I am sure you must use treated wood?

Julia


----------



## chris mcdaniel (Jul 3, 2010)

that was put up for afternoon shade, and no its not treated its straight from the sawmill


----------



## JuliaH (Jul 3, 2010)

Ah yes.... I have shade cloth on one kennel that is in the bright sun, fixin' to give her a fan too, as it is still too hot at that one.
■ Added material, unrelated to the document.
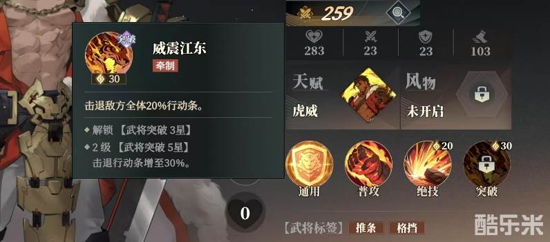 孙坚的技能效果使得对手在承受高达121%的物理伤害的同时,还要面临行动条被击退20%的困境,且孙坚的技能还能为目标附加一层独特的威慑状态,这一状态下的敌人,其伤害输出能力将直接降低15%,这样的技能组合可以说他是一个很好用的控场大师了,所以无论游戏处于哪个阶段,孙坚都是一位值得培养的武将,他的真正价值在于与对敌人行动的有效限制效果。

The others, under the trees, stay shady all the time 

Those floors look real nice.  

Julia


----------



## chris mcdaniel (Jul 3, 2010)

Thanks julia im sure you have seen my recent post on buddy and sadie  we should have some pups bout 3rd week  in august  the tied at least 10 times that i caught them in a 4 day stretch, mayb your darli will come in be fore to long ,we are going on vaction the week of 17th -24th of this month so mayb it will be after that


----------



## JuliaH (Jul 3, 2010)

I am keeping an eye on her 

I told my co-workers about your Buddy being a duck dog and good at it, and they were surprised a GSP could have such talent... I just had to remind them of the versatility of the breed 

Julia



chris mcdaniel said:


> Thanks julia im sure you have seen my recent post on buddy and sadie we should have some pups bout 3rd week in august the tied at least 10 times that i caught them in a 4 day stretch, mayb your darli will come in be fore to long ,we are going on vaction the week of 17th -24th of this month so mayb it will be after that


----------



## crbrumbelow (Jul 3, 2010)

I like the idea of the wood floor.  I am gonna use 5/4 pressure treated board.  I plan on cutting 6 in PVC pipe a little less than in half and running it along the back edge so I can wash the kennels off into it and have it drain into a 100 gallon septic tank made of plastic barrels.  
Thanks for the pics.


----------



## coolbreezeroho (Jul 3, 2010)

Will treated wood be okay for a dog to be on all the time ? The chemicals might not be good ? I don't know. Just throwing that question out there....CBR


----------



## chris mcdaniel (Jul 4, 2010)

should be fine, i recycle my dog crap into empty dogfood bags and let the trash people pick it up but the pipe and tank will certainly work,i used to put septic tanks in years ago,


----------



## Sunshine1 (Jul 6, 2010)

Our kennels are off the ground too. Treated wood. Easy to spray out. We put a roof over ours though so it would be cooler in the summer and the dogs would stay drier.


----------